Accord d'entreprise "Accord en faveur de l'égalité Professionnelle entre les femmes et les hommes et la qualité de vie au travail" chez OPTEOR - EST MAINTENANCE SERVICE (Siège)

Cet accord signé entre la direction de OPTEOR - EST MAINTENANCE SERVICE et le syndicat CFDT et CFTC le 2023-07-13 est le résultat de la négociation sur l'égalité salariale hommes femmes, la diversité au travail et la non discrimination au travail, l'égalité professionnelle, les formations, la qualité de vie au travail et l'équilibre pro perso.
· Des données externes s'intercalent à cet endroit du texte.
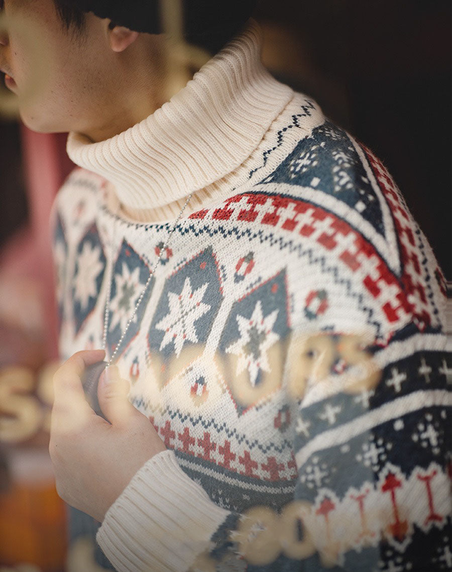 Workwear Retro Fair Isle Jacquard Warm Men's Sweater
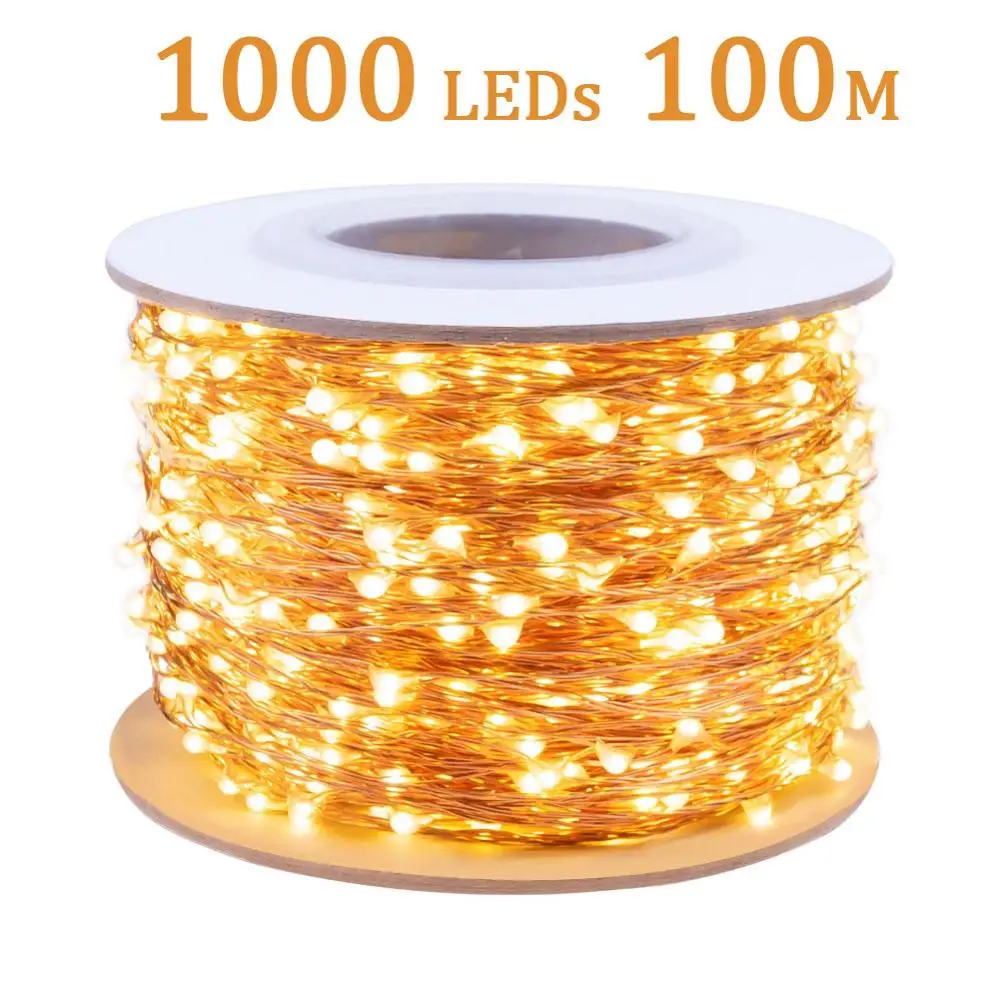 Самая длинная светодиодсветильник гирлянда, 100 м, уличная гирлянда, уличная садовая Рождественская сказочная декоративная лампа для спальни

Périmètre d'application de la convention signée entre l'entreprise et le syndicat CFDT et CFTC

Numero : T05723060026
Date de signature : 2023-07-13
Nature : Accord
Raison sociale : EST MAINTENANCE SERVICE
Etablissement : 44397726900036 Siège

Vie professionnelle : les points clés de la négociation

La négociation s'est portée sur les thèmes suivants

Conditions du dispositif vie professionnelle pour les salariés : le texte complet de l'accord du 2023-07-13

ACCORD EN FAVEUR DE L’EGALITE PROFESSIONNELLE

ENTRE LES FEMMES ET LES HOMMES ET LA QUALITE DE VIE AU TRAVAIL

Le présent accord est conclu :

Entre d’une part,

La société EST MAINTENANCE SERVICE, SAS au capital de 282 240 euros sise 4 rue de la Fontaine Chaudron – BP 90652 – NORROY LE VENEUR – 57146 WOIPPY CEDEX, immatriculée au RCS de Metz sous le numéro B 443 977 269, représentée par Monsieur , en sa qualité de Chef d’entreprise

Et,

Les organisations syndicales :

  • La CFDT, représentée par Madame , Déléguée syndicale de l’établissement VINCI Facilities Lorraine

  • Monsieur , Délégué Syndical CFTC de l’établissement VINCI Facilities Alsace

d'autre part,

Il a été convenu ce qui suit :

Préambule :

L’objectif du présent accord est de favoriser, dans la continuité des actions déjà engagées dans la Société, l’égalité d’accès à la qualité de vie au travail et à l’égalité professionnelle pour tous les salariés. Il témoigne de la volonté commune des parties de promouvoir l’égalité professionnelle entre les femmes et les hommes et la qualité de vie au travail qu’elles considèrent comme le socle de la performance sociale et donc de la réussite globale de la Société. Ce socle est incontournable afin d’atteindre un nouvel équilibre entre la qualité de vie au travail, la performance collective et la qualité de service délivré à nos clients.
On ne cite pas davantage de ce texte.